The ManagedObject class provides the method getByteSize(), which returns the size of an object. Safe Sulong represents pointers as objects of a ManagedAddress class that holds a reference to the pointee and a pointer offset that is updated through pointer arithmetics (pointee and pointerOffset). For example, for the pointer to the 4th element of an integer array in Listing 6, the pointerOffset is 16, and pointee references an I32Array that holds a Java int array (see Figure 4). If a program were to dereference the pointer, the interpreter would compute pointerOffset / sizeof(int) to index the array. We implemented the size_right() function by ptr.pointee.getByteSize() - ptr.pointerOffset.
- Memory location.
Although ManagedObjects live on the Java heap, the location() function needs to return their logical memory location. This location is stored in a field of the ManagedObject class. Depending on whether an object is allocated through malloc(), as a global variable, as a static local variable, or as a constant, we assign a different flag to its location field; calls to free() and deallocation of automatic variables assign INVALID. For instance, for an integer array that lives on the stack, the interpreter allocates an I32Array and assigns AUTOMATIC to its location. After leaving the function scope, its location is updated to INVALID. When the location() function is called with a pointer to the integer array, it returns the location field’s value.

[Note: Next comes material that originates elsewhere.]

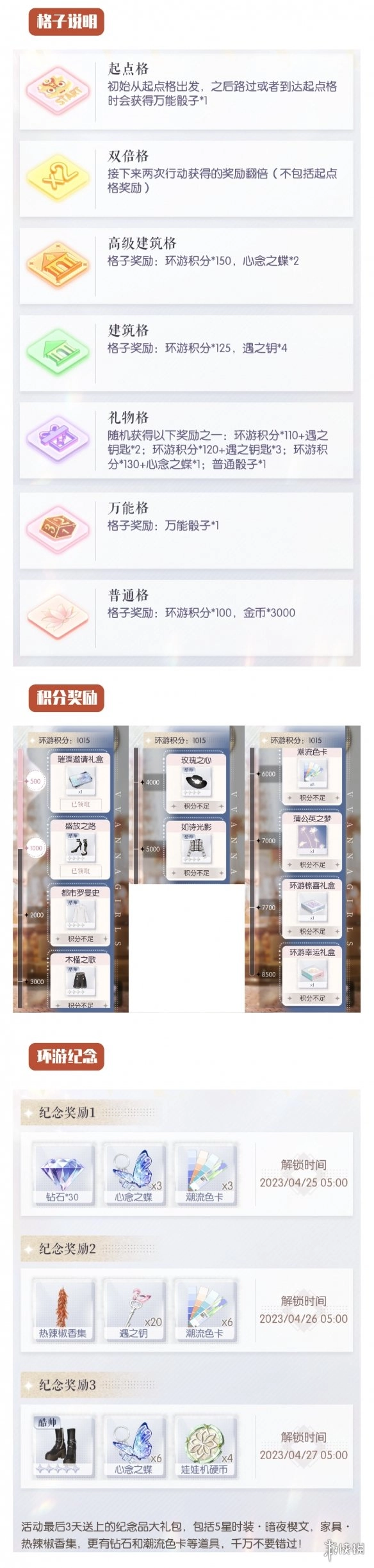 ⑤礼物格:内含四种随机奖励,具体为:环游积分110与遇之钥2、环游积分120与遇之钥3、环游积分130与心念之蝶1,以及普通骰子1。

For implementing the try_cast() function, we check if the type of the passed object (given by its Java class) is compatible with the type specified by the Type struct. For example, to check whether we can call a pointer as a function with a certain signature, we first compare the passed pointer with a Type that describes this signature. If the pointer references a Safe Sulong object of type Function, the argument and return types are compared. This is possible because Function objects retain run-time information about their arguments and return types, which can be retrieved via the method getSignature().
- Variadic arguments.
In Safe Sulong, a caller explicitly passes its arguments as an object array (i.e., a Java array of known length) to its callee. Based on the function signature and the object array, the callee can count the variadic arguments to implement count_varargs() and extract them to implement _get_vararg().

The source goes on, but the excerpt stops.